C'est la conscience pure, 
que nul objet ne soutient ni ne maintient.
C'est comme un cristal qui jamais ne réfléchit que soi seul 
C'est la source et le lieu de jaillissement de toute conscience,
c'est en même temps la plénitude et le but ultime de toute connaissance."


Ainsi selon lui la  conscience qui brille au fond de mon être  n'est pas quelque chose que je pourrais dire « mien » 
 
"Qui, en vérité, pourrait « posséder » l'être, le sat?
Qui pourrait posséder la manifestation intérieure du sat qui est cit ?
la présence de sat à lui-même ?

L'être, sat, simplement est : il n'a rien; 
il n'est à rien ni à qui que ce soit. 
Sat et cit, l'être et la conscience de l'être ne peuvent être séparés l'un de l'autre,
 leur relation est irréductiblement
non duelle, 
elles sont advaita.

  Cit, cette conscience que je suis, que j'atteins au plus profond de moi-même, n'est pas un attribut de sat, 
un attribut de l'être :
 elle est le sat même.

 En cette Présence à soi-même de l'Être, je suis présent à moi-même, j'ai conscience de moi, je sais que je suis.


 La béatitude ( ananda) elle est lorsque l'on arrive au secret dernier de soi,
 là où l'homme rejoint sa Source y retrouve sa Vérité vraie

Le Père nous explique :
 
 "Lorsque la conscience pure de soi atteint dans l'âme un degré suffisant de vérité
, c'est comme l'envahissement de tout l'être par un sens ineffable de Complétude, de Paix,
 de Joie, de Plénitude,
  c'est l'ànanda 
 C'est l'apaisement de tous les désirs et de tous les besoins,
 à la fois dans leur rassasiement et dans leur dépassement. 

L'angoisse existentielle, la terreur du néant, source de toutes les anxiétés et de toutes les peurs, se trouve transcendée. 
C'est l'harmonisation intérieure de tous les mouvements de l'être, unifiés dans l'unité de l'Être et la conscience d'Être.
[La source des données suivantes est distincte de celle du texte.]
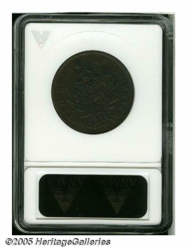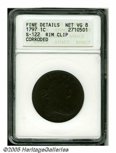 <B>1797<1C> Reverse of 1797, Stems--Rim Clip, Corroded--ANACS. Fine Details, Net VG8.</B></I> S-122, Low R.6. A 3% curved clip at 10 o'clock adds further interest to this example of a rare variety, which in a later state features a dramatic cud above MERI in AMERICA. The present piece has a crack above MERI, as made, but no die break. All legends and even the denticles are crisp, but the reverse has large pits in the field and the surfaces are mildly porous.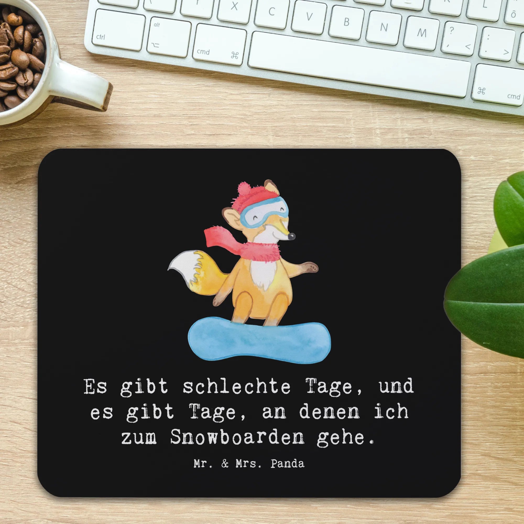 Entdecke das liebevoll gestaltete Mauspad "Fuchs Snowboarden Tage" von Mr. & Mrs. Panda! Diese süße Mausunterlage ist nicht nur ein praktischer Begleiter für deinen Arbeitsalltag oder dein Homeoffice, sondern auch ein wahres Kunstwerk, das deine Liebe zum Wintersport perfekt in Szene setzt. Mit dem charmanten Design eines Snowboard fahrenden Fuchses und dem Spruch "Es gibt schlechte Tage, und es gibt Tage, an denen ich zum Snowboarden gehe", bringt es jeden Tag ein Lächeln auf dein Gesicht.

Une complétude qui est à la fois infinitude,
  ananda et ananta le sans fin"

Par ailleurs :

"Ce qui est joie et plénitude ne peut être qu'infinitude.
 Cela seul, en effet, est vraiment Joie et Paix, 
cela seul est félicité totale,
 que nulle durée ne saurait entamer,
 ce qui de soi est sans fin. 

Quand je m'éveille au Réel au fond de ma conscience d'exister, 
toute limite, toute mort, le temps lui-même, sont à jamais transcendés.
Je suis à jamais fixé dans mon propre centre, 
au centre de toutes choses, 
dans l'ananda du cit et du sat, 
dans la parfaite béatitude de l'Être et de sa conscience de Soi."

Ainsi pas plus que pour l'Être : le sat ou pour la conscience d'être: le cit, je ne puis dire de l'ananda, cette Joie infinie qui jaillit des sources mêmes de mon être, qu'elle est mienne. ..
Ce serait réintroduire
une dualité qui ferait immédiatement s'évanouir cette béatitude.

Alors le Père nous dit :

"Ananda est, si c'est encore  possible, encore plus insaisissable aux sens et à la pensée que le sat et la cit. 
Il est là, je le sais, mais...
quand je cherche à le regarder, il a déjà fui mon regard. 
Il échappe à qui tente de l'approcher :
  la pensée ne le reconnaît que lorsqu'il a disparu..."

 Ce qu'il laisse derrière soi quand l'esprit l'a saisi en son évanouissement même, 
c'est comme un parfum qui remplit tout et ne peut se définir,...
c'est comme un goût qui rend insipide tous les autres... 

Aussi ce n'est que dans le
dépassement de tout ce que je puis dire « mien » que je goûte,
  au-delà de tout sens de moi, cette profondeur ultime de moi. 
Cette ananda de l'Être,"

Il va se soi qu'on ne peut par ses propres forces ou de sa propre intention atteindre ou s'emparer de cette béatitude  .
 Car en se l'appropriant on ruinerait son infinitude, n'obtenant alors qu'une joie limitée à sa capacité de sentir et de concevoir.

Le Saux précise: 
 
"L'ànanda est l'expression ultime de sat et cit, de l'être et de la conscience,
 cette béatitude est au-delà de toute mesure. 
Elle m'attire irrésistiblement dans sa propre infinitude, 
au centre le plus profond de moi,
au coeur même de l'Être et de sa Présence à soi."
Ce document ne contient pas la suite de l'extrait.